Lenwade is a village in the civil parish of Great Witchingham, Norfolk, situated in the Wensum Valley adjacent to the A1067 road  south-east of Fakenham and some  north-west of Norwich. The River Ainse (or Eyn) joins the Wensum at Lenwade. In 2001 it had a population of 464.

Etymology

The name may mean 'ford of the slowly moving river'. The first element possibly means lane in the Scottish dialect sense of 'scarcely moving river'. The second element of the name is the Old English gewæd (ford).

Industry and the local economy 

Much of the surrounding land is given over to agriculture.
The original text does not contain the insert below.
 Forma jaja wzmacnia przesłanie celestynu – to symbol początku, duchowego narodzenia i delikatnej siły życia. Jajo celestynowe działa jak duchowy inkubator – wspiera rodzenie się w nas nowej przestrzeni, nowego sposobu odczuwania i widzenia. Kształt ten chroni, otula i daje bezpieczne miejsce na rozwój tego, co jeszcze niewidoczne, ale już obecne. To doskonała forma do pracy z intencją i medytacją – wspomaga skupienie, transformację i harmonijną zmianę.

However, due to its geographical location Lenwade became the centre of the sand and gravel extraction and the manufacturing of concrete products in the Wensum valley during the middle to late 20th century. The legacy of this activity can be seen in the many flooded gravel pits in the area. Today, these now mature lakes are popular with anglers, naturalists and bird watchers.
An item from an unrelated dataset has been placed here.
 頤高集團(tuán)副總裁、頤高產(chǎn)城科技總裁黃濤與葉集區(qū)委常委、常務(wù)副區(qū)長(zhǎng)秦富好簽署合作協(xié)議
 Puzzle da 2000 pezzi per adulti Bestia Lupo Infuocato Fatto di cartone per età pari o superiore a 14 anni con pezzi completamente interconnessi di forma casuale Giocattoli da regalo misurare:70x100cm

Industry today is concentrated to the southeast of Lenwade between the A1067 road and the former railway line. Concrete products, metal recycling, joinery and double glazing items are produced in the area.

Local tourist attractions include Roarr! Dinosaur Adventure theme park and the Lenwade country house hotel features in its grounds the only licensed zoological garden in the UK.

The Church of St Faith 
Located on the busy A1067 Fakenham Road, the building started life as a Victorian mission church originally dedicated to All Saints. Despite its central location the church was little used and became redundant. Today, the church is fenced off and planned to become a residential development (July 2008).

Amenities 

Amenities in the village include a village hall, primary school, doctor's surgery, general stores, garage, tea-rooms, butchers, bakers and a fish and chip shop.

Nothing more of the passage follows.